Real Talk…
After my father passed away I really did not care nor want to hear anything about my own health. Doctors freaked me out and hospitals where just out of the question. Which ended up with me being told I am Type 2 diabetic during the pandemic. And as many of us did during this pandemic I just soothed myself in all the wrong ways.
Fast forward to last Wednesday, the 70 degree day here in the Portland are, I am wrapped in blankets shivering and with a fever. Took Covid test as you do now and they both were negative. Later came to find out that my resting hear rate that night while I was sleeping was 100+. The next was worse and painful. I had developed an abscess, I will spare the details on all that. So my amazing wife Kaitlyn took me to urgent care where they took my vitals and said “ You are not waiting” and took me right in. Urgent care doctor said we are transferring you to the ER. By midnight I was told my body is fighting an infection that had become really bad due to not taking care of my Type 2, and they were going to have to keep me for a while. So they admitted my in the same hospital ….where my father was when he got sick, same floor, two rooms down from where he was. When I woke up that morning the nurse introduced himself as Nermin… I recognized his voice and his tool belt he used to keep all sorts of “nurse things.” He was my fathers nurse when he was sick here. That is when reality of it all hit me so hard.

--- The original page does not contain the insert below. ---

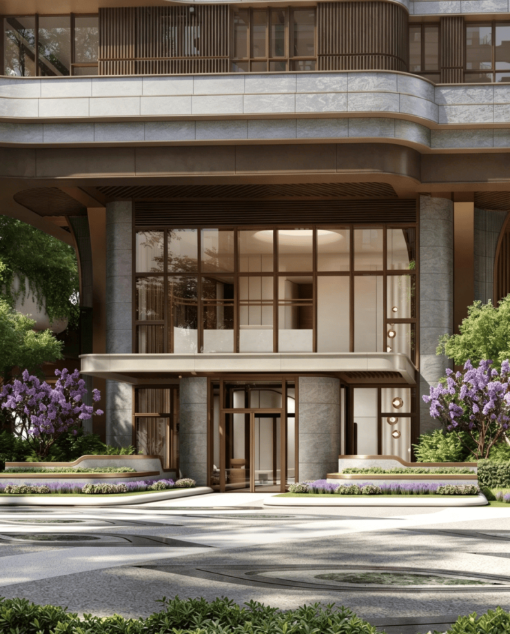 项目独占约1.5公里黄金江岸线,占陆家嘴北滨江岸线约30%,稀缺性无可替代。基于这一独特优势,景观设计采用“江-园-宅”三级递进布局,从滨江步道到社区园林,再到入户庭院,层层递进,实现“推窗见江,移步见园”的居住体验。内部以“水之韵律”为线索,复刻黄浦江的流动感,打造蜿蜒的景观步道、叠水景观与中央草坪,搭配丛生铁冬青、四季花卉等植被,形成四季有景、步移景异的园林体验。同时,景观设计充分考虑业主的社交与休闲需求,在园林中嵌入休憩凉亭、邻里交流区,让自然景观成为连接人与人的纽带。
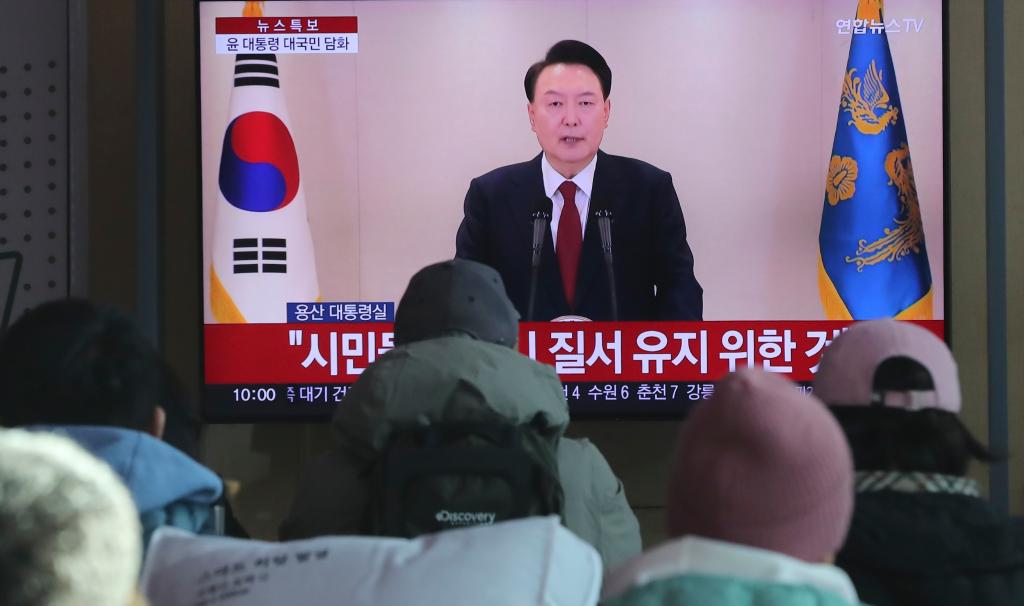 12月12日,在韓國首爾火車站,韓國民眾觀看總統(tǒng)尹錫悅對國民談話的電視直播。新華社記者 姚琪琳 攝

The doctor was blunt with me. “If you would have waited one more day, you would have had a heart attack and or this infection would have gone to your blood. You are very lucky.” Maybe Dad was trying to give me this wake up call. Maybe it was the universe. Whatever it was… I am listening. I want to thank everyone who reached out via social media, text and called, it means a lot. Thank you to my family for all the love and support. Most of all thanks to Kaitlyn Coca, my amazing wife who was stronger than I have ever seen anyone be. She is why I am still here and I will never forget that. To grow old and older with you is a gift in itself Kaitlyn. Home has never felt so good.
I hope to be back creating some music soon. I feel like I have something to say again. And It’s true. I am lucky.